11. Me and Osama are close

You are only 5 or so links away from anyone. God knows all the links. Most people accept Christ through a relationship with someone they know. The NT uses the word oikos to describe our relational communities – eg the household of Cornelius, Acts 10. Paul had one in prison; it reached to Caesar, and members of Nero’s family became Christians – Phil 4.22. Jesus used the word oikos in Lk 10.5-7 – when you enter an oikos…

A relational community is the best place for the gospel to spread. Within an oikos, the keys to being a strong witness are:

·          Time and availability

·          A transformed life

·          Hospitality

·          Spiritual intuition

·          Generosity

 

12. The how-to of spreading the epidemic

What lies behind us and what lies before us are tiny matters compared to what lies within us – Ralph Waldo Emerson

Perspective changes the way we see our surroundings – eg 2 wolf bounty hunters, waking to see their camp surrounded by a pack of hungry wolves, eyes glittering in the firelight – wake up Jerry, we’re rich!!

We are sheep amongst wolves – we have a shepherd. Lk 10 and Mt 10 – Jesus gives 5 principles which help us start churches that will reproduce:

  1. Prayer – ask for labourers
  2. Oikos – look for pockets of receptive people. People are tribal. Look for a strong sense of community (anywhere); use your spiritual antennae. Henry Blackaby – we should find out what God is doing and join him.
  3. Power of presence – we have authority. There are 2 kinds of lost people – moths and cockroaches. Turning the light on tells you the difference – moths are drawn to the light, cockroaches will flee.

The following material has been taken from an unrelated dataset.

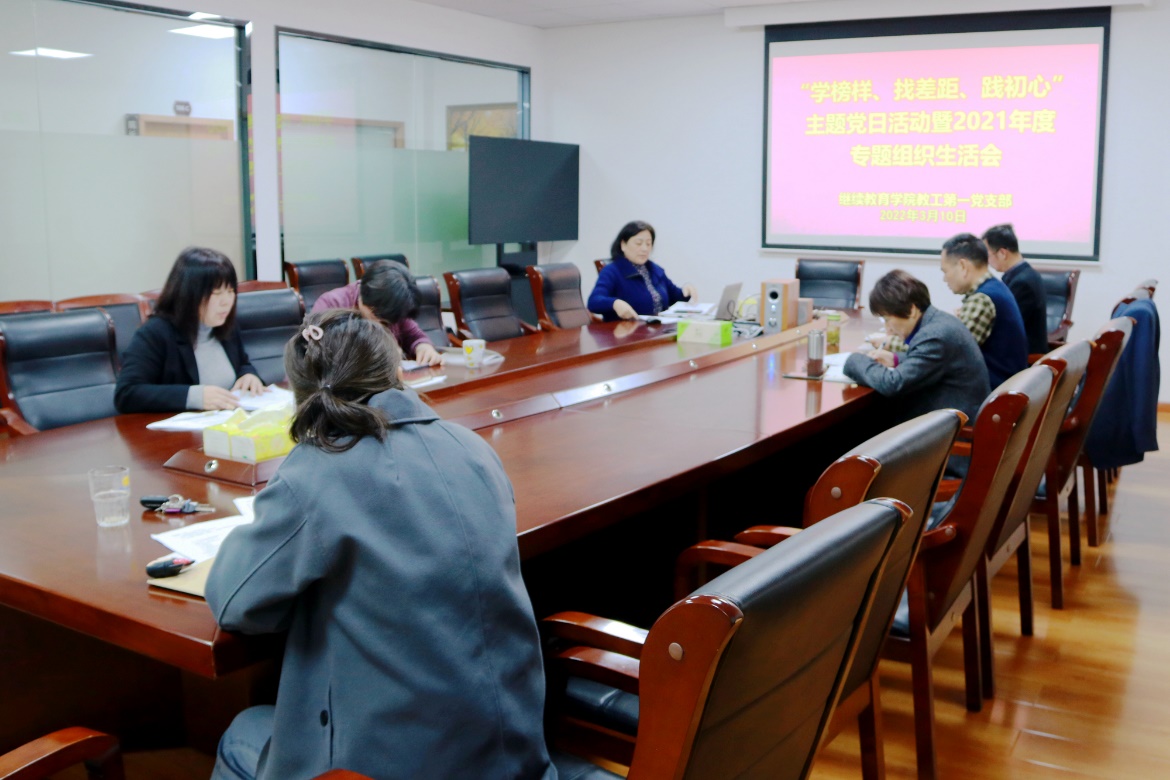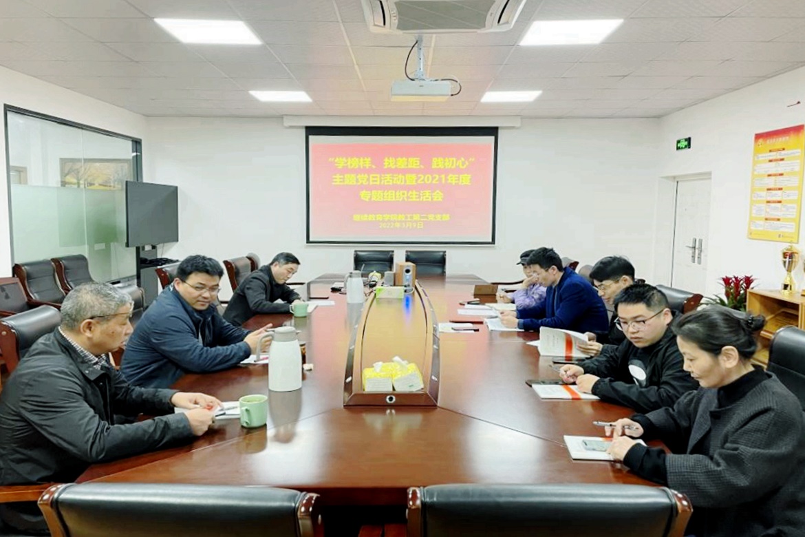 随后,两个教工党支部举行“学榜样、找差距、践初心”主题党日活动,分别召开党员大会,组织开展2021年度组织生活会和民主评议党员活动。会前,各支部充分贯彻学校要求,组织党员认真学习贯彻党章、习近平新时代中国特色社会主义思想、十九届六中全会精神,深入查找突出问题,召开支委会做好前期准备工作。会上,各支部书记代表支委会做述职汇报,对照“六查六看”检查支部建设存在的问题,提出整改措施,并组织全体党员对支部班子的工作、作风等进行评议。支部按照个人自评、党员互评、民主测评的程序,对党员进行评议。支部书记带头开展批评与自我批评,学院班子成员以普通党员身份积极参与评议。大家对照“六查六看”要求,联系思想工作实际,围绕个人在政治、思想、学习、工作、能力、作风等方面的问题作出自我评价,明确努力方向。

We don’t need resources, just ourselves – no purse, food, clothes
  4. Person of peace – look for someone receptive to our message. Characteristics of such people: receptivity, relational connections, reputation (good or bad). Eg – the Samaritan woman; Cornelius; Garasene demoniac, sent after 10 minutes to 10 cities, the Decapolis…
  5. People of purpose.

You can ask the non Christians who in the community needs the message of Jesus, and they will tell you – the family down the street, go there; I felt I should pray for you? He responds. You start a church in his house. Egs – Alexander in his care home. Kevin on campus at his college.

 

PART FIVE: THE CALL TO ORGANIC CHURCH

 

13. Falling with style

Success is how high you bounce when you hit bottom – Gen George Patton

Failure is only the opportunity to begin intelligently again – Henry Ford

 

He failed his first church planter assessment.. His first go was a glossy brochure high impact launch with baseball clinics, inaugural services, good leaders. It failed within a year. The next was a cell church under the guidance of Ralph Neighbour. It was fine – it became a network of small organic churches. Then he got stuck – no potential churchplanting leaders.  He did one himself, in his home. It went from there. Lessons learned in the early days:

·          Start small and begin in the harvest, not with a team of Christians

·          Allow God to build round others

·          Empower others from the start

·          Let scripture, not your assumptions, lead

·          Rethink leadership – you don’t need maturity, just empowerment

·          Create immediate obedience in baptism and let the one doing the evangelizing do the baptism

·          Settle your ownership issues…

 

14. Tales that really mattered

20 years form now you will be more disappointed by the things that you didn’t do than by the ones you did do. So throw off the bowlines. Sail away from the safe harbour. Catch the trade winds in your sails. Explore. Dream. Discover. – Mark Twain.

Stories.

‘I believe we are leaving the day of the ordained and ushering in the day of the ordinary.’